We will now code the SVD in the case of a real square matrix. We therefore write ${\mathbf{A}} = {\mathbf{U}}{\mathbf{\Sigma}}{\mathbf{V}}^T$. The computation of the SVD consists in finding the eigenvalues and eigenvectors of $\mathbf{A}\mathbf{A}^T$ and $\mathbf{A}^T\mathbf{A}$. The eigenvectors of $\mathbf{A}^T\mathbf{A}$ form the columns of $\mathbf{V}$, while the eigenvectors of $\mathbf{A}\mathbf{A}^T$ form the columns of $\mathbf{U}$. As stated earlier, the singular values in $\mathbf{\Sigma}$ are the square roots of the eigenvalues of either $\mathbf{A}\mathbf{A}^T$ or $\mathbf{A}^T\mathbf{A}$.
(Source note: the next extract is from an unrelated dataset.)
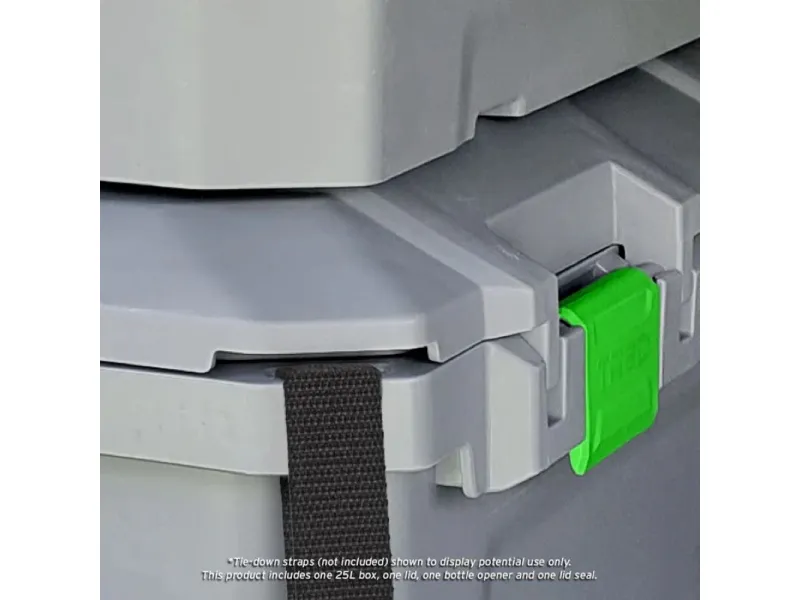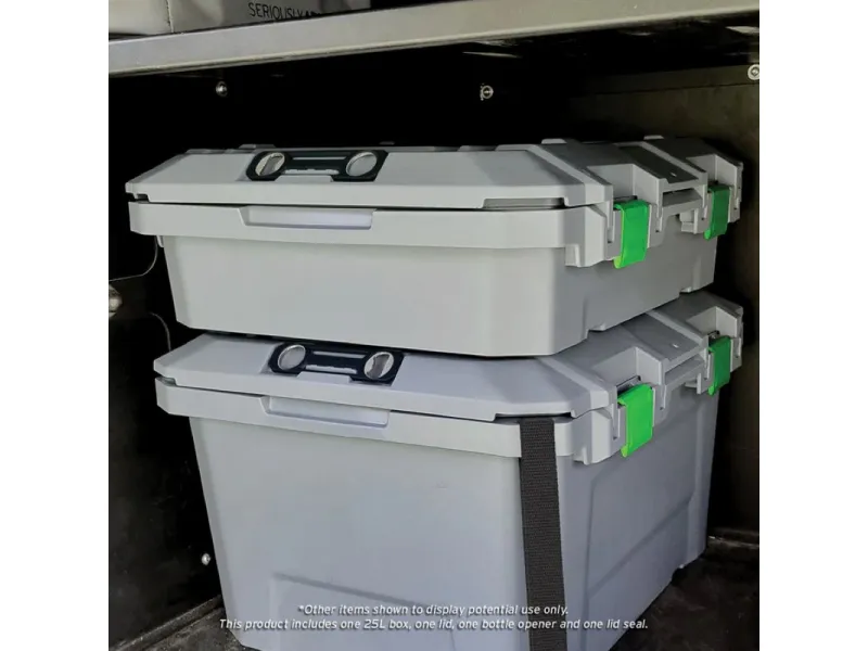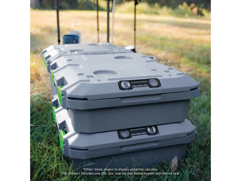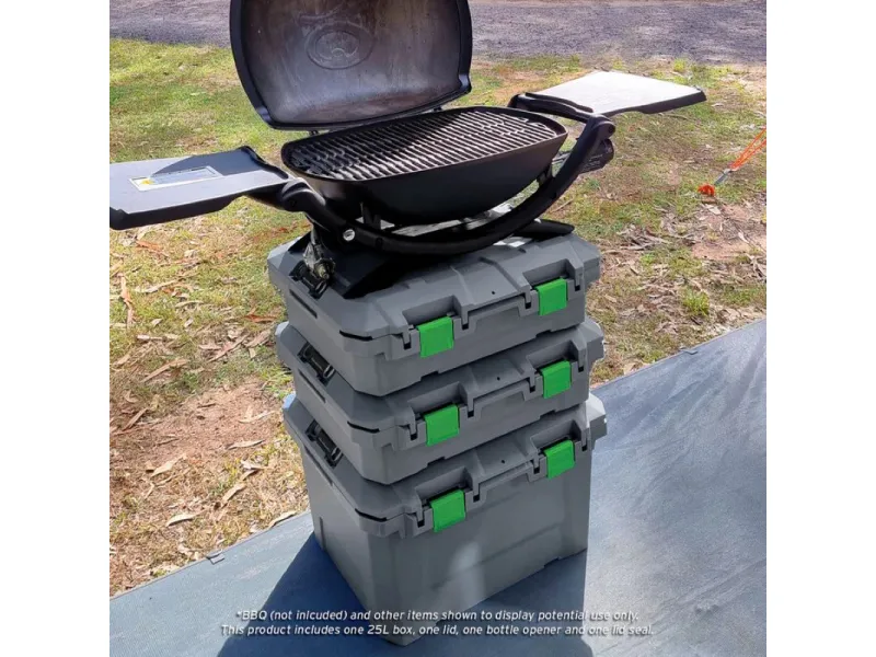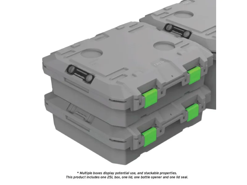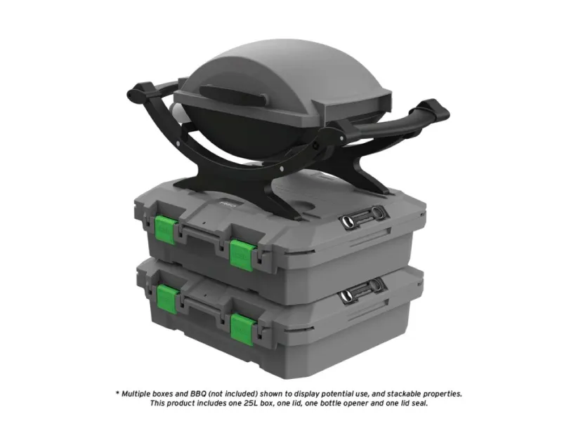 Caisse de rangement 57x51x17cm étanche anti chocs empilable La boîte de rangement TRED GT Outdoor d'une capacité de 25L a été méticuleusement conçue et ingénieusement élaborée pour garder tout votre équipement en sécurité, au sec et bien protégé. Avec son couvercle à ouverture multidirectionnelle, ses cavités pour pieds de barbecue**, son joint résistant aux intempéries, son rangement pour ouvre-bouteilles, ses bossages intégrés pour vis, ses points d'arrimage et sa connectivité TRED Link, la caisse de rangement TRED GT est parfaite pour le 4x4, le tourisme, la navigation, la pêche, le camping, l'agriculture, le rangement général à la maison et la chasse. La boîte de rangement TRED GT regorge de fonctionnalités innovantes, il ne vous reste plus qu'à fournir l'équipement et choisir la destination. Caractéristiques : Fabriquée en Australie Volume : 25L Dimensions intérieures : 525 mm (L) x 440 mm (l) x 115 mm (h) Dimensions extérieures : 575 mm (L) x 510 mm (l) x 175 mm (h) Couvercle amovible et à ouverture multidirectionnelle. Le couvercle de la boîte de rangement s'ouvre facilement de l'avant vers l'avant et se retire complètement, offrant une extrême polyvalence et un accès pratique. Joint étanche aux intempéries gardez votre équipement au sec et sans poussière. Points d'arrimage sur les 4 angles de la boite permettant l'ouverture du couvercle Fixez la base de la boîte de rangement avec des sangles de 25 mm et ouvrez toujours le couvercle pour accéder aux objets internes. Cavités intégrées pour pieds de barbecue Weber® Q Placez le barbecue Weber® Q** sur le dessus et positionnez le dans les cavités du couvercle pour une cuisson sécurisée*. Ouvre-bouteille avec rangement intégré l'ouvre-bouteille TRED-Link relie plusieurs couvercles ensemble. Conception verrouillable Sécurisez vos biens à l'intérieur de la boîte en verrouillant le couvercle et la base avec un cadenas à longue tige (cadenas non inclus). Bossages intégrés à l'intérieur de la boîte design de base empilable, empilez les bases de boîtes vides ensemble pour un rangement pratique lorsqu'elles ne sont pas utilisées. Empilez plusieurs boîtes de manière ordonnée grâce aux points d'interconnexion sur le couvercle et la base des boîtes pour un empilage sécurisé. Haute résistance et légèreté Fabriqué en polypropylène de qualité automobile, résistant aux UV, de haute résistance et léger pour résister aux conditions difficiles de l'Australie. Indicateur de mesure sur le couvercle Deux cavités porte gobelets situées dans le couvercle pour le rangement des boissons. *La durée de cuisson avec le Barbecue Weber ne doit pas dépasser 30 minutes, le bac de récupération des graisses doit être installé sur le barbecue. **Compatible avec les modèles Weber Q1000, Q1200, Q2000 et Q2200 Weber® est une marque déposée de Weber-Stephen Products LLC.

The singular values are the diagonal entries of the matrix $\mathbf{\Sigma}$ and are sorted in decreasing order, and the eigenvectors in U and V matrices are reordered accordingly. If $v$ is an eigenvector, then $-v$ is also an eigenvector, and different decompositions can lead to different eigenvectors signs, so we will verify the following equation to ensure that the signs are the same:
$${\mathbf{A}}\mathbf{V} = \mathbf{U}\mathbf{\Sigma}$$

In [None]:
n = 6
A = np.random.random((n, n))

def svd(A):
    S, U = la.eigh(A.dot(A.T))
    S, V = la.eigh(A.T.dot(A))
    S = np.sqrt(S)
    idx = S.argsort()[::-1]
    S = S[idx]
    U = U[:,idx]
    V = V[:,idx]
    # matrix of 1's and -1's to satisfy the equality AV = US
    MS = 2 * np.isclose(A.dot(V), (U.dot(np.diag(S)))) - 1
    V = MS * V
    return U, S, V.T


# custom function call
U, S, V = svd(A)
S = np.diag(S) # vector to matrix

# SVD using numpy's built-in function
Unp, Snp, Vnp = la.svd(A)
Snp = np.diag(Snp)

print(np.allclose(A, U @ S @ V))
print(np.allclose(A, Unp @ Snp @ Vnp))

True
True


## 2. Linear Regression

### 2.1 Theory

Linear regression aims to find the parameter vector $ \Theta \in \mathbb{R}^d $ that best fits a set of observations $ (X, y) $, where $X \in \mathbb{R}^{n \times d} $ is the design matrix and $ y \in \mathbb{R}^n $ is the vector of target values. The model assumes a linear relationship given by the matrix equation:
$$
X \Theta = y.
$$
When $ X $ does not have full column rank or when the system is overdetermined (i.e., $ n > d $), the equation may not have an exact solution. In such cases, we seek the least-squares solution that minimizes the squared error $ \| X \Theta - y \|_2^2 $. The analytical solution is given by:
$$
\Theta = X^{+} y,
$$
where $ X^{+} $ denotes the Moore–Penrose pseudoinverse of $ X $. To compute $ X^{+} $, we can use the singular value decomposition (SVD). Let $ X = U \Sigma V^\top $ be the SVD of $ X $, then the pseudoinverse is given by $X^{+} = V \Sigma^{+} U^\top$, where $ \Sigma^{+} $ is formed by taking the inverse of each non-zero singular value in $ \Sigma $ (in practice, each singular value superior to a small threshold) and padding with zeros if the singular values are inferior to the threshold. This approach ensures a stable and general solution, even when $ X $ is not of full rank.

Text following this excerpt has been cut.